Yes, this is a TypeScript question, but since my codebase is polluted with both JS and TS syntax, I’m okay with a JS answer for now - it should also be almost similar, minus the type stuff. I’m trying to create a blog using mdsvex, but I do not want to use a database at least for now, since I cannot afford a paid hosting solution for now, and I don’t want to lose my written stuff either by the platform locking the database, or erasing it after the free quota is over. I also want to implement pagination here.

In SvelteKit, I’m making use of Vite’s import.meta.glob() to get all the MDX files, and then filter them, based on the date of creation. The issue is that I’m forced to add my own createdAt YAML-like data entry that MDX uses at the top of it’s markdown syntax, because I’m not sure how to access the file’s metadata to get it’s birth (creation) date using TypeScript. I also feel like it does not end just there - since it is an Object type, I’m also forced to convert it to array using the Object.entries() function, as well as slicing of the array later on, after which I’m able to use createdAt to sort files and then filter, which is adding to the server overhead.

Is it possible to filter markdown files, such that they’re sorted by the file’s internal metadata (something similar to stat Linux command, but TypeScript)? I’m interested in the date of birth of file here, in the descending order - new files at top, old files at the bottom. I want to also be able to use the slice() function effectively to get the first n number of markdown files (n here is the pageSize), while also being able to specify to read from z position (z = n * paginationCount), so that I can filter the file without reading it?

Here’s an example tutorial code from @collinsworth@hachyderm.io.

    • velox_vulnus@lemmy.mlOP
      link
      fedilink
      arrow-up
      1
      ·
      7 months ago

      Actually, I did ask Bard, but I’ve been told by the LLM to use fs.readdirSync() - with the warning that it is still going to be memory-intensive. Here’s the prompt:


      Click to reveal prompt

      Yes, fs.readdirSync can be an efficient way to perform the tasks you described, but there are a few things to keep in mind:

      1. Efficiency Considerations:

      • File System Access: fs.readdirSync does involve accessing the file system, which can be slower than accessing data from memory. However, for a relatively small number of files, the overhead of file system access is likely to be negligible.

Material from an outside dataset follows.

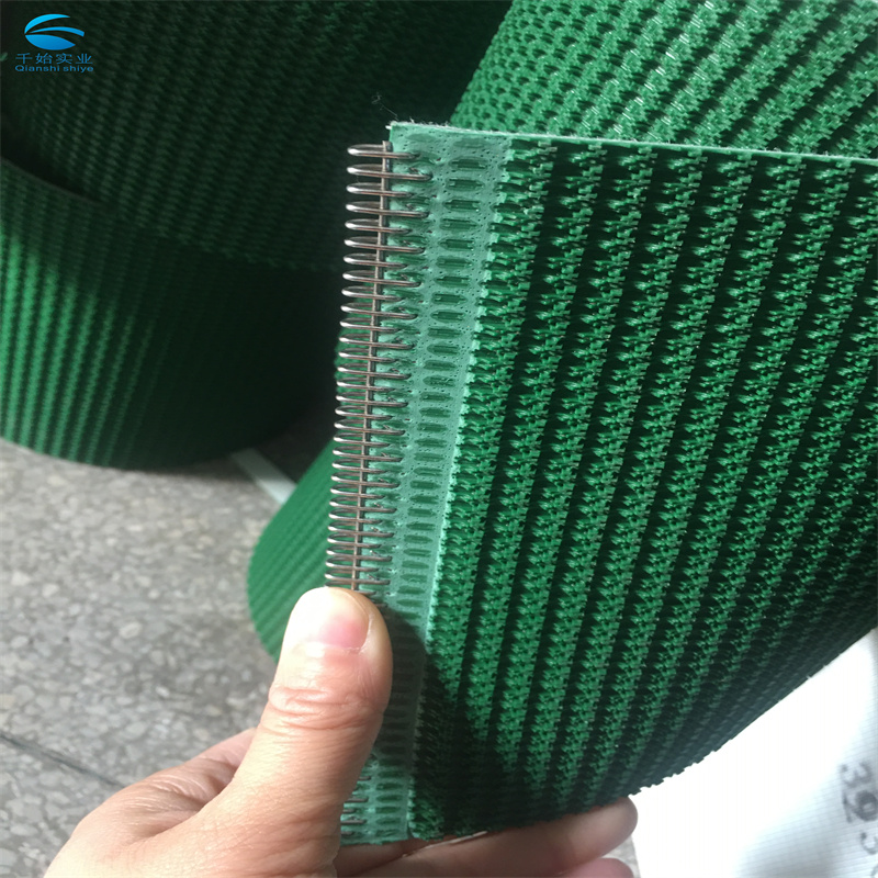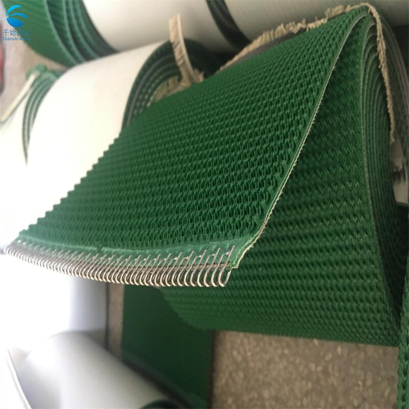 我厂生产各种型号的花纹输送带,花纹种类多达几十种,供您任意选择,保证您在我厂买到称心如意的产品。我公司拥有的花纹pvc输送带是由工作面为花纹状的复盖胶和非工作面为平面的复盖胶与带芯构成的倾角输送带。 花纹输送带特点:适用于倾角为0~40°物料的输送,防止物料下滑。花纹输送带主要有以下种类:草面花纹pvc输送带,鱼骨花纹输送带,菱形格花纹pvc输送带、十字花纹pvc输送带、网眼花纹pvc输送带、倒三角花纹pvc输送带、马蹄花纹pvc输送带、锯齿花纹pvc输送带、小圆点花纹pvc输送带、钻石花纹pvc输送带、蛇皮花纹pvc输送带、布纹pvc输送带、大圆台花纹pvc输送带、波浪花纹pvc输送带、搓板花纹pvc输送带、一字型花纹pvc输送带、细直条花纹pvc输送带、高尔夫花纹pvc输送带、大方格花纹pvc输送带、亚光花纹pvc输送带、粗质地花纹pvc输送带、格子花纹pvc输送带,人字形花纹输送带等各种花纹输送带,花纹输送带,厚度:2mm、3mm、5mm、7mm、8mm、12mm花纹输送带 是由工作面为花纹状的复盖胶和非工作面为平面的复盖胶与带芯构成的倾角输送带。主要采用硬度较小的pvc精密加工在制作,聚酯布层采用pu浸渍处理,具有很强的拉力,耐摩擦而且摩擦系数小,制作轻型爬坡输送带,在较小坡度输送打包好的和散装物品过程中,有很好的效果,主要应用在爬坡输送机,陶瓷打蜡机,机场输送带行李,邮局输送包裹,邮件。厚度大的pvc花纹输送带,应用在大理石,花岗岩,陶瓷的抛光处理,表面有利于在加工过程中快速排出污水,上海千始厂家质优的价格,满意的质量,良好的售货渠道,上海千始包您满意。 我公司在大坡度生产输送物料方面,有独特的设计,我们主要采用在pvc、pu、pe、丁晴橡胶,硅胶输送带上加挡板,加裙边,加导条,我公司裙边挡板导条都有多种规格,在很多情况下,我们需要加装不同高度的不同型号的挡板、裙边,防跑偏导条到皮带上,输送光滑、散装的物料到高处,令物料即使在高角度倾斜也不至于散落,这就是pvc群边挡板提升输送带,pvc挡板输送带,pvc群边输送带,pvc提升输送带主要应用在包装行业,物流行业,电子行业,食品行业,水产品,烟草行业,蔬菜,水果,茶叶,颗粒产品,粉状产品物料的输送,具有良好的效果,既能保证在高坡度的环境中,不至于下滑,散落。我们主要采用机械接头,机械热硫化接驳,直接让群边,挡板,导条与输送带融为一体,更好的利用皮带的特性,对输送带无伤害,使输送带的使用寿命更长。同时经过特殊加工还可做成导向带、提升带、裙边带等。

      • Memory Usage: fs.readdirSync will read the entire contents of the directory into memory, which can potentially consume a significant amount of memory if the directory contains a large number of files. However, if you have sufficient memory available, this is unlikely to be a major concern.

      2. Optimization Techniques:

      • Sorting by Creation Time: You can sort the list of files by creation time using the fs.statSync function. This function returns the file’s modification time, which you can use to compare the creation times of two files.

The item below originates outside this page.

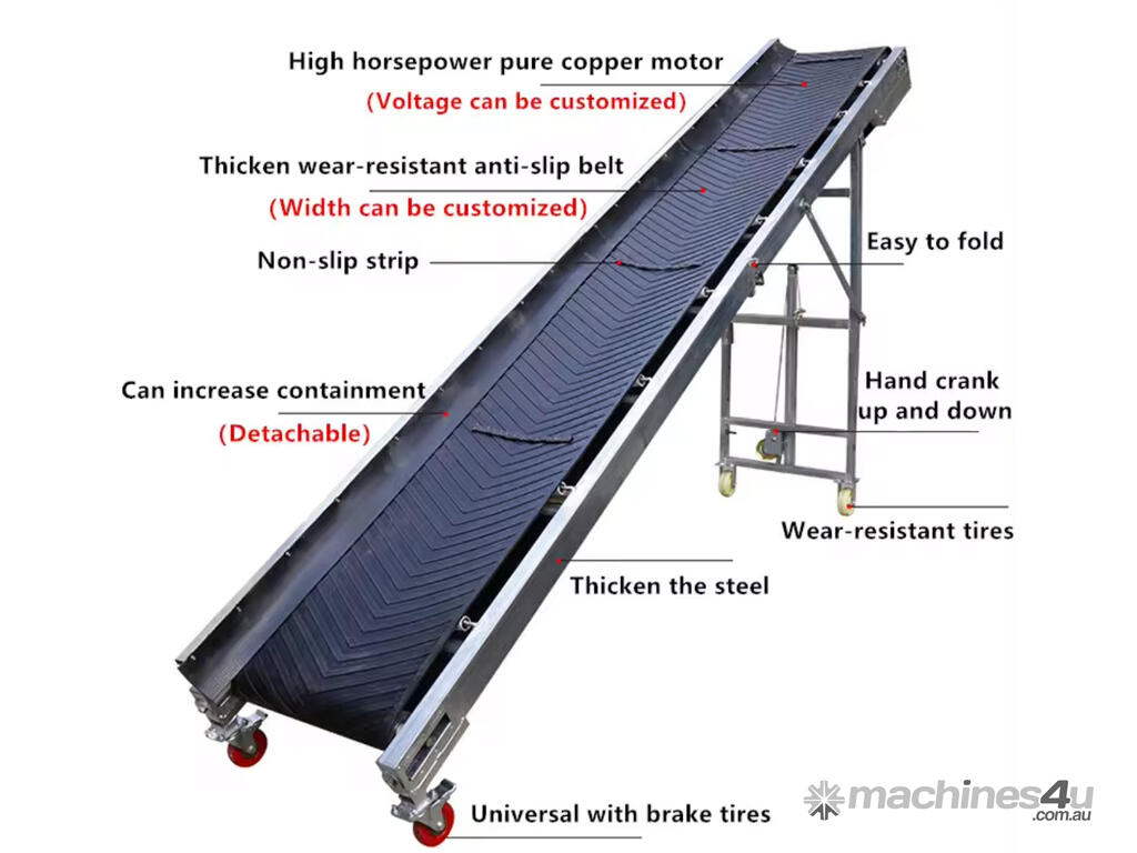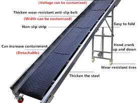 The Folding belt conveyor is a high-efficiency, safe and reliable, and highly mobile continuous loading and unloading equipment. It is mainly used in places where loading and unloading sites are frequently changed, such as ports, docks, stations, coal yards, warehouses, construction sites, sand and gravel yards, farms, etc., used for short-distance transportation and loading and unloading of bulk materials or bags and Cartons.

      • Selecting Subset of Entries: You can select a subset of entries in the list of files by slicing the array. For example, to select the most recent 10 files, you can use the following code:

      const selectedFiles = files.slice(-10);
      
      • Starting from Z Position: You can start from a specific position in the list of files by using the slice function with the start parameter. For example, to select the 10 files starting from position 20, you can use the following code:
      const selectedFiles = files.slice(20, 30);
      

      3. Alternative Approaches:

      • Async Iteration: If you want to avoid reading the entire directory into memory at once, you can use an asynchronous iteration approach. This involves reading the directory contents in chunks and processing each chunk as it becomes available.

      • Recursive Processing: If you need to process files in multiple directories, you can use a recursive approach. This involves recursively processing each subdirectory until you have reached the desired depth.

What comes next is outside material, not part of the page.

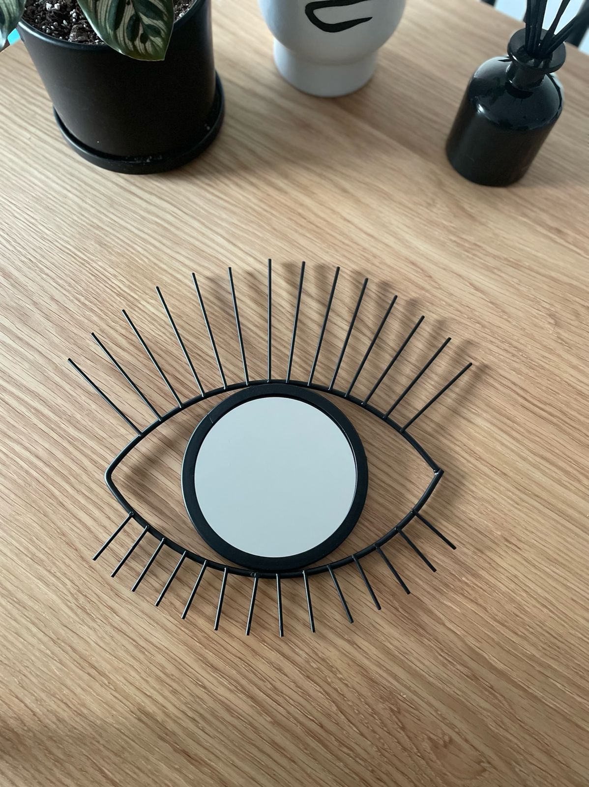 Espejo Ojo Nero, es metálico color negro de 29x25x14 cm.

      In general, fs.readdirSync is a simple and efficient way to get names of all the files in a directory, sort them by date of creation, and select a subset of entries without having to read from memory or having to perform complex, intensive operations. However, if you have a very large number of files or if you need to perform more complex operations on the files, you may need to consider alternative approaches.


      I’ve also been thinking of alternative approach, like for example, instead of title as the file name, make use of date in UTC format (generate them using date -Is) as the file name. But I feel like this is pretty redundant, as I should be using the metadata.

      Right now, I’m thinking of moving to Prisma to avoid this mess.

      • ubermeisters@lemmy.world
        link
        fedilink
        English
        arrow-up
        1
        ·
        7 months ago

        I haven’t tried Bard for this, as I’ve had such success via Bing chat, but since they are built on similar tech, I expect they give similar answers. Might be worth trying big chat just to see if it has a slightly different answer though.

        I know people talk shit about LLMs and talk down to folk like me that use them ad a modern day search engine… but I swear they are super fucking useful in this kind of research.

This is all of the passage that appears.